*Exercise instructions*. Leave every picture out, and retype all the remaining records exactly.
____ Data to process
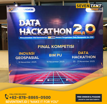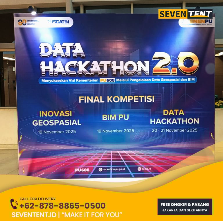 Sewa backdrop Jakarta di Seventent.id menyediakan jasa pembuatan dan pemasangan backdrop custom dengan pilihan material Flexy High-Res, Flexy Matte (Anti-Pantul), hingga Kain Canvas. Paket sewa sudah termasuk transportasi, lampu sorot (spotlight), dan tenaga pasang-bongkar profesional untuk seluruh wilayah Jakarta (Pusat, Selatan, Barat, Timur, Utara).
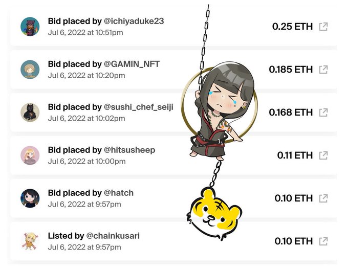 開始すぐにたくさんのbidありがとうございます😢 内心満足ですが、作品の価値を高めるためにいけるとこまでチャレンジしたいです❤️🔥 foundation.app/@chainkusari/b… まだまだbidお待ちしております‼️ (@cryptomoyan ) (@hitsusheep ) (@tosawin ) (@yyoko111 )
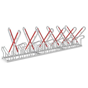 Enkel- of dubbelzijdig fietsenrek met robuuste constructie van stalen buizen en corrosiebescherming door galvanisatie. Neemt weinig ruimte in beslag dankzij de afwisselend geplaatste hoge en de lage beugels. Ruimte tussen de beugels voor fietsen met een bandenbreedte tot 55 mm. Ruimte tussen de wielen: 500 mm. Voorzien van een verbeterde diefstalbeveiliging doordat het frame kan worden vergrendeld op de geïntegreerde stalen beugel met oogje. Rode schokbescherming. Bij levering klaar voor uitbreiding in rijen en bevestiging op de ondergrond. Haakse steun voor bevestiging aan de ondergrond (set van 2) inbegrepen bij de levering.
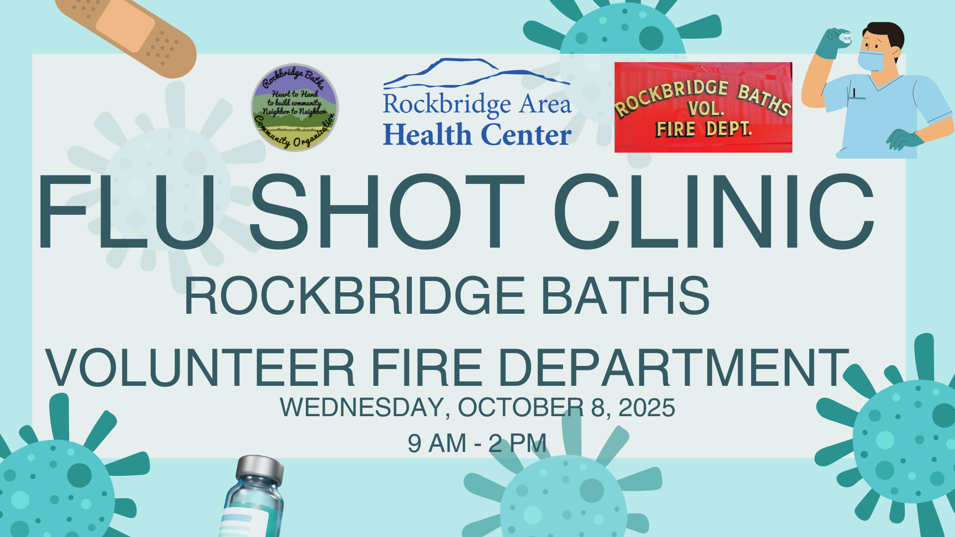 Rockbridge Baths Volunteer Fire Department 5024 Maury River Rd, Rockbridge BathsRockbridge Area Health Center, in partnership with the Rockbridge Baths Community Organization and the Rockbridge Baths Volunteer Fire Department, will host a flu shot clinic on Wednesday, October 8, 2025, from 9 am to 2 pm. Anyone interested must pre-register by October 1. Call or text 540-464-8700, ext. 7110 to register. We will not have […]
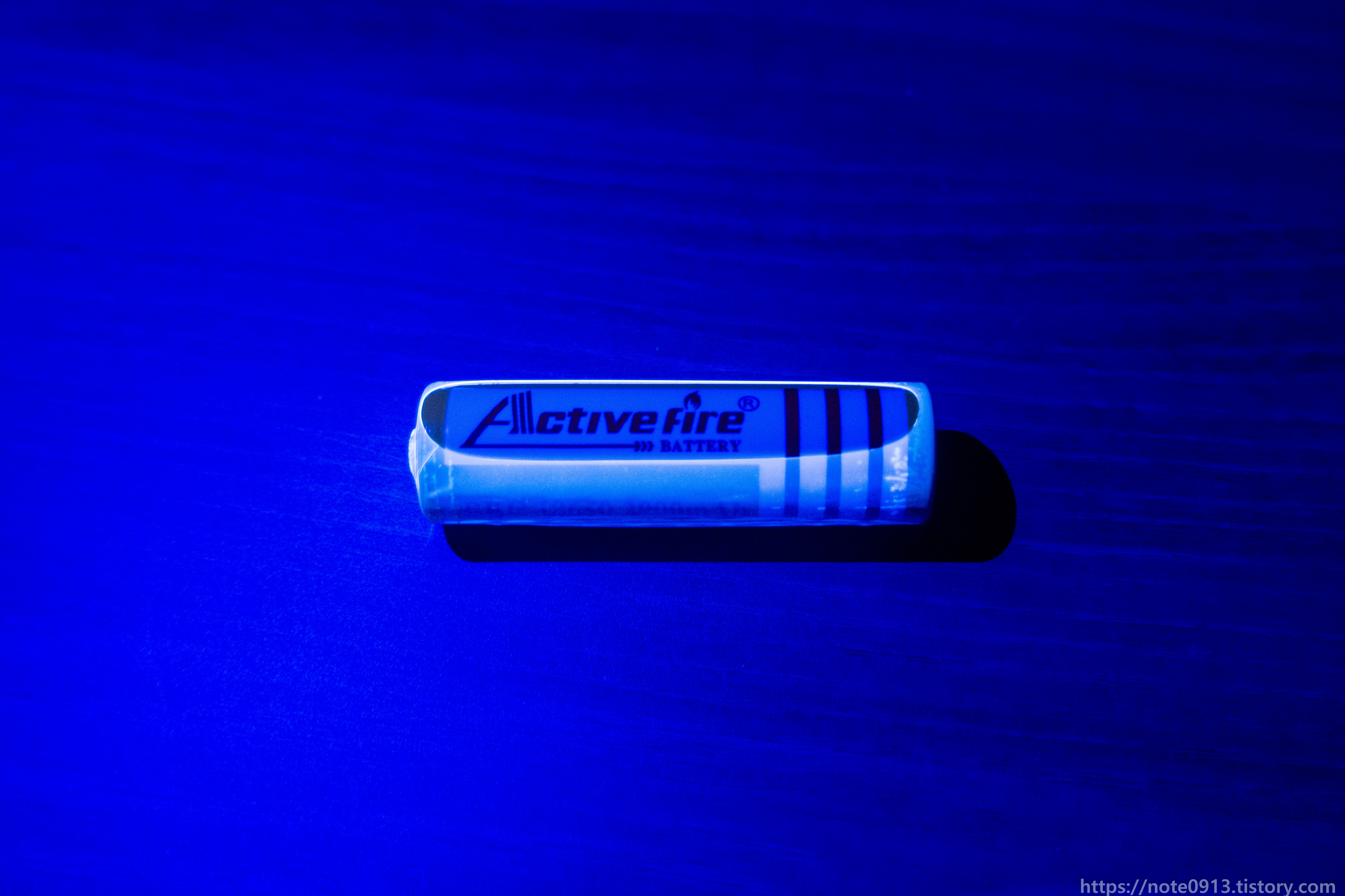일단 간단하게 UV 라이트를 쏴봤는데 18650을 감싸고 있는 비닐에다가 쏘면 빛이 납니다.
________
*Output below*.
 Sewa backdrop Jakarta di Seventent.id menyediakan jasa pembuatan dan pemasangan backdrop custom dengan pilihan material Flexy High-Res, Flexy Matte (Anti-Pantul), hingga Kain Canvas. Paket sewa sudah termasuk transportasi, lampu sorot (spotlight), dan tenaga pasang-bongkar profesional untuk seluruh wilayah Jakarta (Pusat, Selatan, Barat, Timur, Utara).
 開始すぐにたくさんのbidありがとうございます😢 内心満足ですが、作品の価値を高めるためにいけるとこまでチャレンジしたいです❤️🔥 foundation.app/@chainkusari/b… まだまだbidお待ちしております‼️ (@cryptomoyan ) (@hitsusheep ) (@tosawin ) (@yyoko111 )
 Enkel- of dubbelzijdig fietsenrek met robuuste constructie van stalen buizen en corrosiebescherming door galvanisatie. Neemt weinig ruimte in beslag dankzij de afwisselend geplaatste hoge en de lage beugels. Ruimte tussen de beugels voor fietsen met een bandenbreedte tot 55 mm. Ruimte tussen de wielen: 500 mm. Voorzien van een verbeterde diefstalbeveiliging doordat het frame kan worden vergrendeld op de geïntegreerde stalen beugel met oogje. Rode schokbescherming. Bij levering klaar voor uitbreiding in rijen en bevestiging op de ondergrond. Haakse steun voor bevestiging aan de ondergrond (set van 2) inbegrepen bij de levering.
 Rockbridge Baths Volunteer Fire Department 5024 Maury River Rd, Rockbridge BathsRockbridge Area Health Center, in partnership with the Rockbridge Baths Community Organization and the Rockbridge Baths Volunteer Fire Department, will host a flu shot clinic on Wednesday, October 8, 2025, from 9 am to 2 pm. Anyone interested must pre-register by October 1. Call or text 540-464-8700, ext. 7110 to register. We will not have […]
일단 간단하게 UV 라이트를 쏴봤는데 18650을 감싸고 있는 비닐에다가 쏘면 빛이 납니다.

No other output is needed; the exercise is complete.